Just Jamming or Feeding the Beast? Music Through the Lens of a Christian
- Christa Lorraine Evans
- Jan 10, 2024
- 8 min read
Music... an escape, an art, a way to express emotions, feel emotions, connect with others, a way to experience a sense of gratification that others may understand you, but also a way to feed the beast of emotions. I LOVE music y'all. I feel that emotions pierce my very soul. I feel so understood by music. This probably partly stems from the fact that I play the drums, so OF COURSE I appreciate music. I appreciate the musicality, the lyrics, and the technicality of the drums. A lot of people connect with music and find it to be an escape from reality. Others, may not love music but can still appreciate a good song. I must say, my love for different genres of music varies GREATLY! You might think I am a little crazy because of my music, but I want to show and talk with you all about how music defines us. You can even see in my different musical eras how my life was going. My deep struggles, pains, and joys can easily be seen in my choices of music throughout the years, so.... let's begin. I will be going through my Spotify playlists over the years, and I am going to warn you that there may be some weird or dark music that you may not expect from me. I want to be 100% transparent with my music because we have a lot to unpack about the impact music has on our everyday lives. This might be a touchy topic for some Christians, and even if you do not agree with me, I would encourage you to just finish reading! And if you still don't agree with me, that is totally fine, but you were able to gain perspective over this topic!

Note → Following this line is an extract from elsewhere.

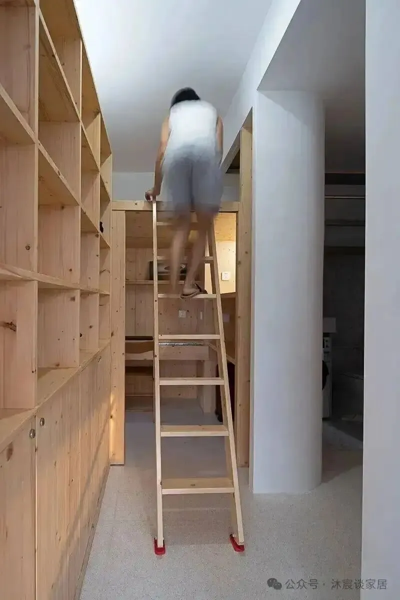 连楼梯都没浪费,下面继续做储物。小空间设计的终极思路,就这一句:不要让任何体块只完成一种任务。

I have two Spotify accounts (one of which I have access to and one I do not have access to anymore). My first playlist was created in 2015 when I was 13 years old, and it is called "BB" for Breaking Benjamin. I had recently discovered my love for Breaking Benjamin and added my favorite songs. To this day, I love some Breaking Benjamin. I do not listen to them often, but I still know all the lyrics to many songs:) Some of the song titles for these songs were "Medicate", "Dear Agony", and "Into the Nothing". And these songs pretty much defined me. I knew God but did not have a relationship with Him in 2015. I was easily influenced by my natural state of depression at the time, and Breaking Benjamin made me feel seen when I heard the amazing drums and harsh lyrics. Also in 2015, I created a playlist with some more metal music. My other playlist consisted of Sleeping with Sirens and Suicide Silence (interesting right???). You would not really expect me to be listening to this punk rock and somewhat screamo music. Here are some of the song titles in this playlist "Better Off Dead", "Kick Me", "You Only Live Once", and "Left Alone". I'm sure you see a pattern here... I was so alone, and trying to stay alive, yet I was filling my head with songs like "Better Off Dead". This music fueled my self-hatred, and honestly, it felt good to fuel the fire because it made me feel seen and heard. No one understood me, but this music did. Well, life started to sort of change when I went to church camp the Summer of 2015. I felt overwhelmed by the Spirit and desired to feel joy again. I made LOTS of Christian playlists hoping to fill myself with good things. I made playlists entitled "Uplifting", "Priceless", "Christ in Me", "Post Camp", and "Lit Jesus Jam" (lol). You can ALSO see here JUST by the playlist names that I was searching for someone to love me, to see worth, and to bring joy. I was searching for something better than what I had.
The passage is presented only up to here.